Indonesian Political, Business & Finance News

Govt seeks CGI loans to plug deficit

| Source: JP

Govt seeks CGI loans to plug deficit

Dadan Wijaksana, The Jakarta Post, Nusa Dua, Bali

The government once again was reduced to begging foreign donors
for fresh loans to help finance the state budget despite rising
demands for an end to reliance on foreign loans.

Minister of Finance Boediono told the country's traditional
foreign donors grouped in the Consultative Group on Indonesia
(CGI) that the country would need at least US$2.65 billion to
help plug the 2003 state budget deficit.

The two-day 12th annual CGI meeting on the resort island of
Bali was opened on Tuesday. The closed-door meetings were taking
place under heavy security in the wake of the Oct. 12 terrorist
bombing incidents that rocked Bali and killed nearly 200 people.
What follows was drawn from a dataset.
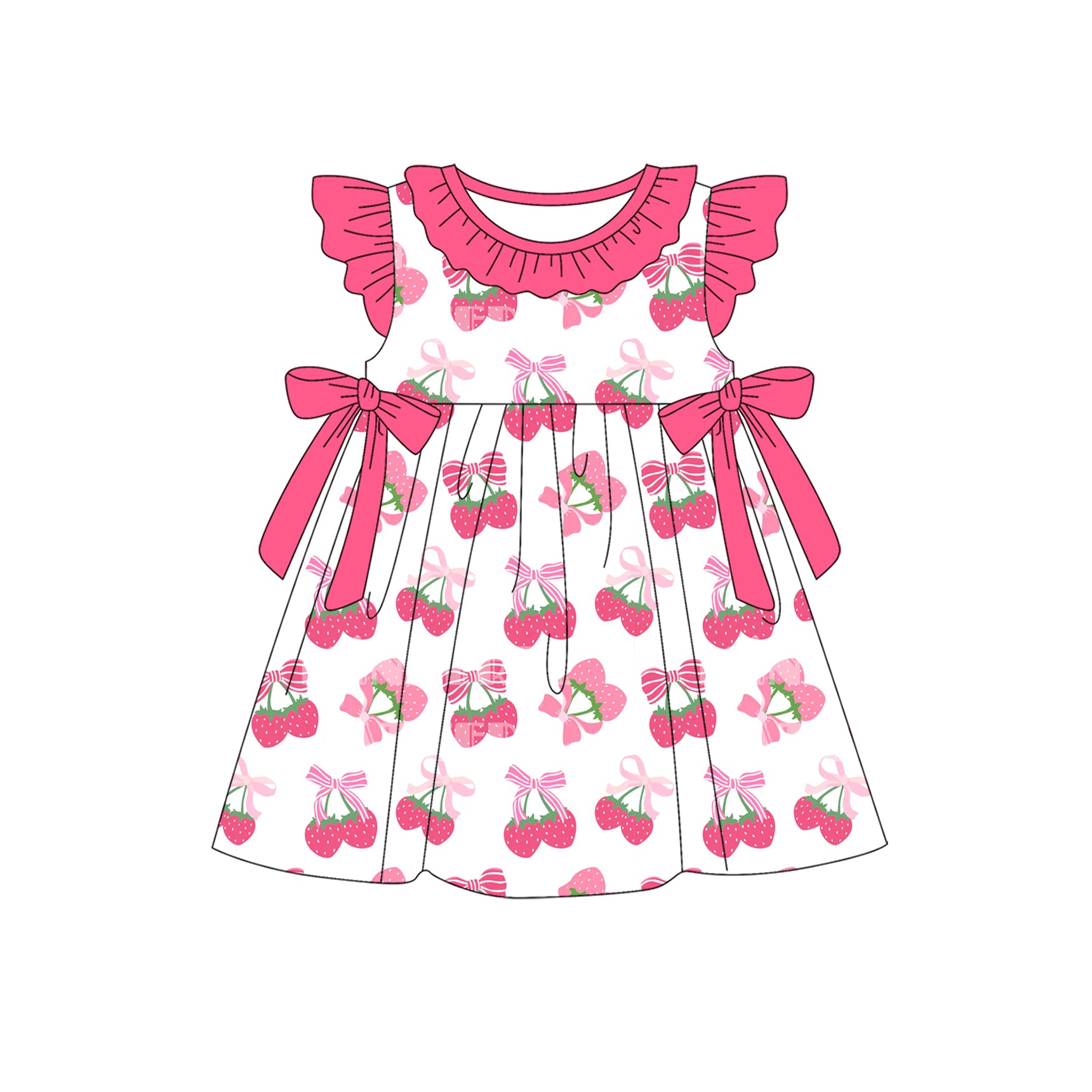 Baby Girls Dress Pink Flutter Sleeves Bows Strawberry Knee Length Dresses Preorder GSD2455 4.4

The World Bank, which is coordinating 21 donor countries and
seven multilateral agencies, is expected to announce the new CGI
loan pledge on Wednesday.

The government has been facing increasing pressure from
various quarters to quickly end the country's dependency on
foreign loans as the size of the country's sovereign debt has now
grown to an alarming level and will place a great burden on
future generations.

The government's foreign debt is currently estimated at about
$70 billion.

During the pre-CGI meeting on Sunday in Yogyakarta, hundreds
of demonstrators staged a rally to call for an end to CGI loans.
The demonstration ended in violence as police fired warning shots
and beat protesters to disperse them.

Critics have also argued that much of the foreign loans have
been embezzled, particularly during the more than 30 year rule of
former authoritarian president Soeharto, thus providing little
benefit for the people and the overall economy.

A number of non-governmental organizations (NGOs) have even
launched a campaign to push the government to halt debt
repayments on the ground that past loans were embezzled and the
foreign creditors had not done nothing about it.
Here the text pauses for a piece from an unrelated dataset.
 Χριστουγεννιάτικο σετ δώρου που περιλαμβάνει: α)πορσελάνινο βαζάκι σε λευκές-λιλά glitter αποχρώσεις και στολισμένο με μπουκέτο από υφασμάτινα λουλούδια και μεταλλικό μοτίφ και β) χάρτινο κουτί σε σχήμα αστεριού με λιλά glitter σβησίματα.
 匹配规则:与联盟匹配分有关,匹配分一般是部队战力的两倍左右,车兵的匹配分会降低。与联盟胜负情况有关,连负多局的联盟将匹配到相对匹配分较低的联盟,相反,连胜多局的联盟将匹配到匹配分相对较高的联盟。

There is also now growing pressure for the government not to
renew the International Monetary Fund (IMF) loan program when it
expires at the end of this year. The Fund has been providing a
three-year $5 billion loan facility to finance various reform
programs. But critics have said the IMF programs were too harsh,
creating great difficulties for the people.
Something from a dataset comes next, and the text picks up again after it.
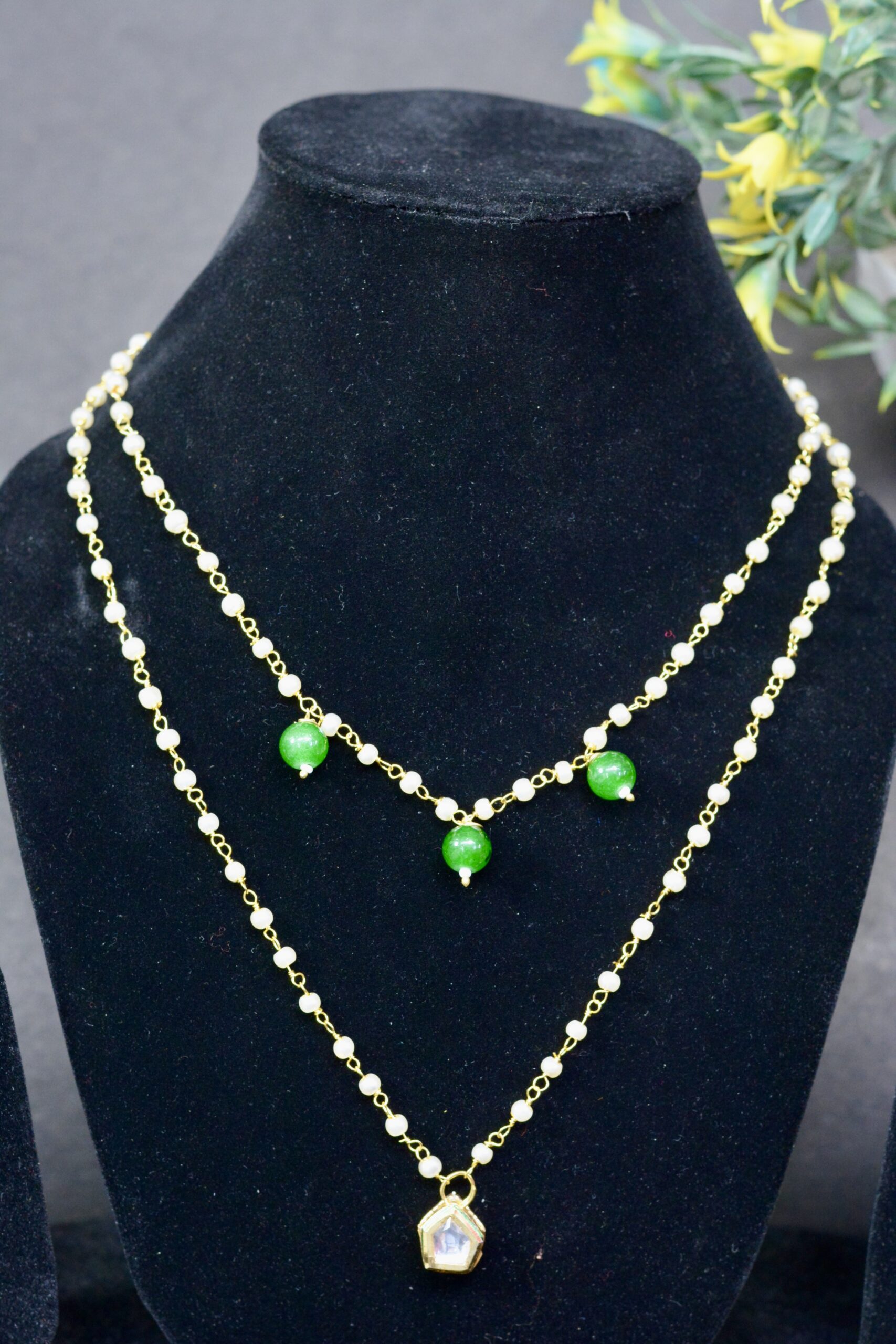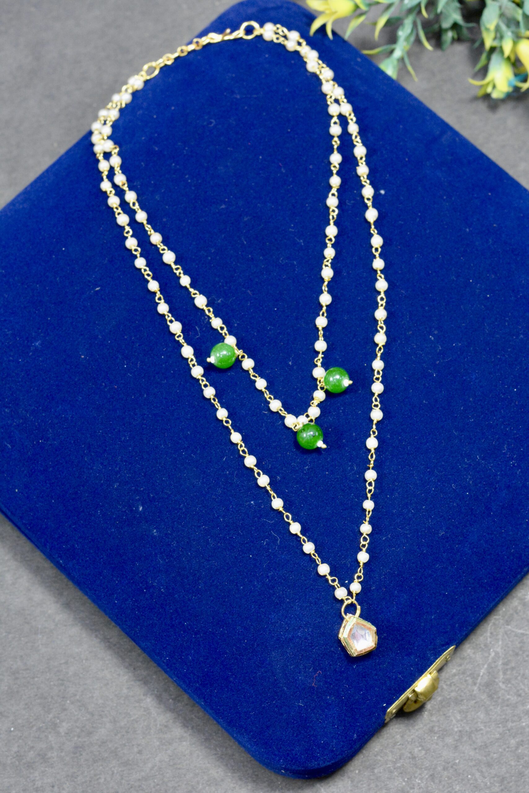 Be the first to review “Minimal Pearl Chain Pendant kundan Necklace” Cancel reply

Despite the pressure, the government said that the CGI loans
were still crucial to help finance the 2003 state budget deficit
projected at 1.8 percent of gross domestic product (GDP), or
equal to Rp 34 trillion (about $3.8 billion). The remaining money
to finance the deficit will come from the sale of assets under
the Indonesian Bank Restructuring Agency (IBRA) and proceeds from
privatization of state-owned companies.

The smaller amount of the CGI loans asked for by the
government, compared to last year's pledges of around $3.14
billion, is an indication that the government is trying hard to
reduce dependency on foreign loans.

Meanwhile, State Minister for National Development Planning
Kwik Kian Gie was quoted by Metro TV as saying that under the
current situation, the government had no other alternative but to
continue asking for CGI loans.

He said that ending dependency on foreign loans could be
brought about if the government was serious in curbing rampant
corruption here.

He pointed out that the government could gain some Rp 80
trillion in additional tax revenue if it could clean up
corruption in the tax sector alone.

Meanwhile, a senior government official told reporters that
one of the agendas of the CGI meeting was to discuss the
possibility of the country obtaining debt swap deals from the
foreign donors as part of the effort to reduce the country's debt
burden.

Kunsatwanto, secretary in the Office of the State Minister for
National Development Planning, said that the donors would assess
the recent debt-to-education swap agreement between Indonesia and
Germany, under which the latter would allow Indonesia not to pay
some 50 million deutsche marks in loans on condition that an
equal amount was spent on developing the education sector here.